“We’ll take lunch out, I suppose, Dad?”
“Yes, I sent Brownie a message some time ago,” said his father. “You’ll have to run up the horses after breakfast, Jim, and when you’ve caught ours turn the others out into the big paddock.”
Jim glanced up inquiringly. It was an unusual command.
“I wouldn’t trust that beggar, Harvey,” his father said, answering the glance. “If the horses were close at hand the temptation to borrow one to get as far as Cunjee might be too strong; but he couldn’t catch one in the big paddock. It won’t take long to put them back when we come in.”
“You’re not going to send him in to the township then?”
“I’m not,” said Mr. Linton, firmly. “He came carrying his swag, and he can carry it away—after the flood of bad language and insolence I had from him this morning, I really don’t feel any obligation to have him driven in. The walk may give him time to get a little sense—not that you could put sense into a man of the Harvey type by any known means.”

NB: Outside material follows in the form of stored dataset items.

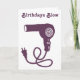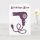 Denna gratulationskort har en enkel handritad illustration av en gammal hårfön i lila. Detta kort är redo att anpassas med ditt eget meddelande på framsidan och insidan i orange skriptstil så att du kan skapa ett roligt kort för födelsedagar eller någon annan tillställning.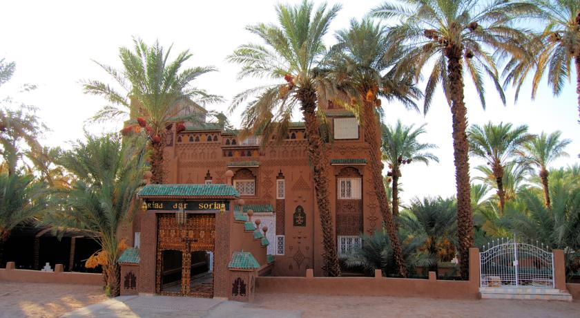 The Riad Dar Sofian is surrounded by palm trees, just on the quiet edge of Zagora, set in the heart of the Zagora palm grove. This high quality kasbah guest house offers modern facilities in a traditional style, an outdoor pool and a delightful terrace overlooking the palmeraie.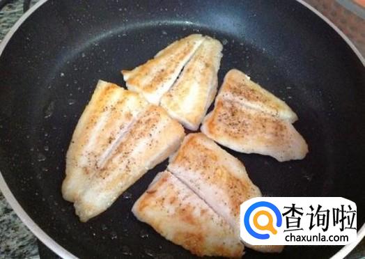 起锅烧油,将龙利鱼放在锅里面煎至两面金黄,如图所示。
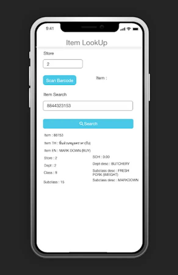 Exclusive access to makro staff to view real time product detail. Barcode scanner recognized all common barcodes type. Search the Siam Makro products by just scanning the Product barcode and get a complete detail about product. The app provides product information like price, current stock on hand, any on Order quantity, Product description anymore!
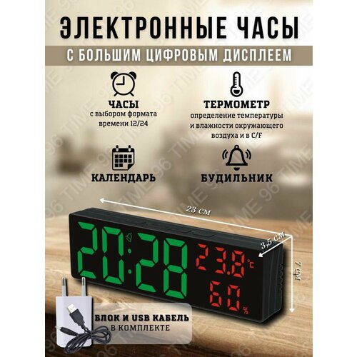 Настенные, настольные электронные часы календарь c пультом дистанционного управления, c термометром, влажностью, таймером, будильником.

“Well, it won’t hurt him—and I don’t see who would have driven him, anyhow,” Jim said. “Are you letting him have any tucker?”
“Oh, yes; I said he could get some from the kitchen.”
“Then he’s got nothing to grumble at,” Jim declared. “Not that that is in the least likely to keep him from grumbling. I expect it wouldn’t be a bad precaution to lock up pretty carefully at the stables, Dad.”
“Certainly, lock up everything,” his father answered. “I’d have been glad to see him fairly off the place, as Murty and Boone are away—still Hogg and Lee Wing are about, so there’s really no need—and we can’t afford the time.”